So I removed the whole trim piece and saw the aluminum rail behind it. I ended up running down to Lowes and bought a nice piece of walnut that was 12" x 48" and just slightly thicker than the trim piece. I bought some additional self-tapping screws and the matching covers (I learn quick!) and some small "L" brackets. Then I sanded down the sharp edges of the board, and on the end nearest the entrance to the upper bunk took a jigsaw and rounded the top corner off. I used a screw every 6", pre-drilled the wood and then screwed right into the the aluminum rail. Then I added 3 "L" brackets that mount to the board on the bottom of the top bunk to the new "rail". When the pad is back in place it hides the "L" brackets. Then I carefully measured and cut the trim piece to fit back on. The walnut looks almost identical to the trim.

The true test came this past week while camping at the coast for five nights. My daughter (7) did not fall out!

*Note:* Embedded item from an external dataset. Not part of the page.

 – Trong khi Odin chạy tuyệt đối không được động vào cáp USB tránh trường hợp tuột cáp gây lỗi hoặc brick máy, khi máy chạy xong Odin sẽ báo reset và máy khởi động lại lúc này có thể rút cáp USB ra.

Now I just need to do the same thing for the other side. Thanks everyone for your ideas and suggestions on how to keep our little ones safe in the top bunks!

Herbicidal


----------



## Thor (Apr 7, 2004)

Glad things worked out well.







I know the ladder and rail comb mod was a must for us. 3 little one all under 5. So far know one has fallen out including the 3 year old.
















Thor


----------



## hatcityhosehauler (Feb 13, 2004)

Herbicidal, Sorry I didn't get back to you right away. We where camping this last week, and I went right back to work after coming home. I did remove the trim pieces from the beds. I lined the trim up on the replacement piece, and pre-drilled the holes for the existing screws, then added two to three more per side. I used poplar, and plan on painting the rails and ladders white to match the cabinetry.

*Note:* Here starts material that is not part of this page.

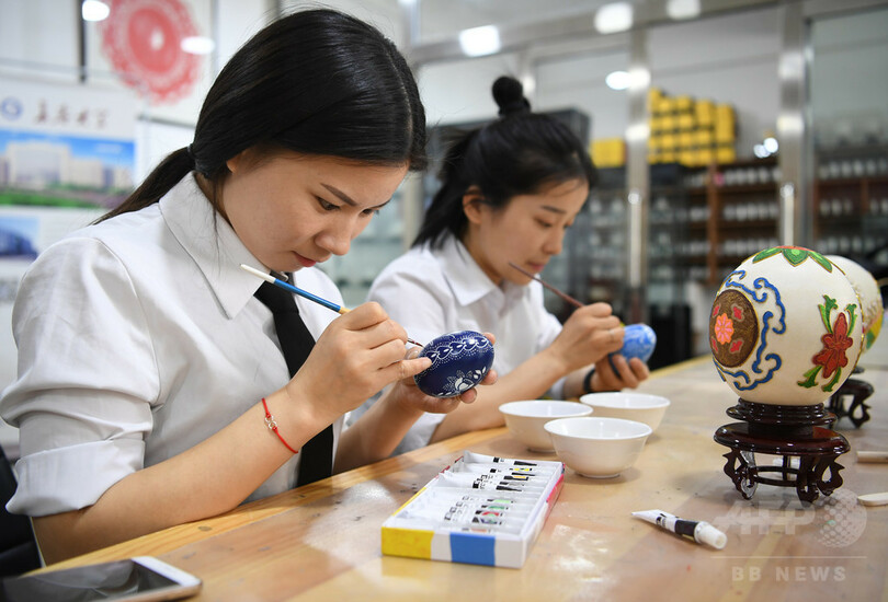 長春大学特殊教育学院の視覚伝達デザイン学科の学生で、みな聴覚障害者だという。学生らは、厚さ数ミリしかない卵の殻の上に美しい世界を刻んでいた。(c)CNS/JCM/AFPBB News

I hope to post some pic's this week, if I get the chance. I still haven't unpacked the truck, and I picked up two overtime shifts this week too. More money for camping I guess.

Tim


----------



## Herbicidal (Aug 29, 2003)

hatcityhosehauler said:


> Herbicidal, Sorry I didn't get back to you right away. We where camping this last week, and I went right back to work after coming home. I did remove the trim pieces from the beds. I lined the trim up on the replacement piece, and pre-drilled the holes for the existing screws, then added two to three more per side. I used poplar, and plan on painting the rails and ladders white to match the cabinetry.
> 
> I hope to post some pic's this week, if I get the chance. I still haven't unpacked the truck, and I picked up two overtime shifts this week too. More money for camping I guess.
> 
> Tim


No worries! I was gone all last week as well.







We came back on Friday and this gave us the whole weekend to get things cleaned up etc.

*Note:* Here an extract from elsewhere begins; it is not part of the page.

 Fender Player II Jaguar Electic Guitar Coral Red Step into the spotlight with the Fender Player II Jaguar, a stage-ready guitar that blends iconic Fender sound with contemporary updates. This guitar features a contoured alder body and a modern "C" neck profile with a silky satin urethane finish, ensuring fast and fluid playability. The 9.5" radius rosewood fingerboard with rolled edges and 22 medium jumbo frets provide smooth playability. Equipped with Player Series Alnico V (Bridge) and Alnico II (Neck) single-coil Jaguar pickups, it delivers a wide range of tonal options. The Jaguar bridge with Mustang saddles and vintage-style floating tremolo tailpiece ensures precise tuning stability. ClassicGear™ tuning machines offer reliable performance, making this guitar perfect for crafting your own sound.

Hope you enjoyed your time away like we did.

Thanks,

Herb


----------



## tasman (Aug 4, 2004)

Definitely something to address - our 10 year old now has a fractured collar bone and a sling for the next 6 weeks. Screwing a rail in place is my next mod. Tossing and turning can displace a mattress rail! With as narrow a corridor as there is between bunks (we have the 28rss) all it takes is hitting just once at an odd angle to bring your camping trip to a halt (not to mention his soccer season). Anyways, I wouldn't count on age of child, sleep orientation, or a slip under rail based upon our experience.


----------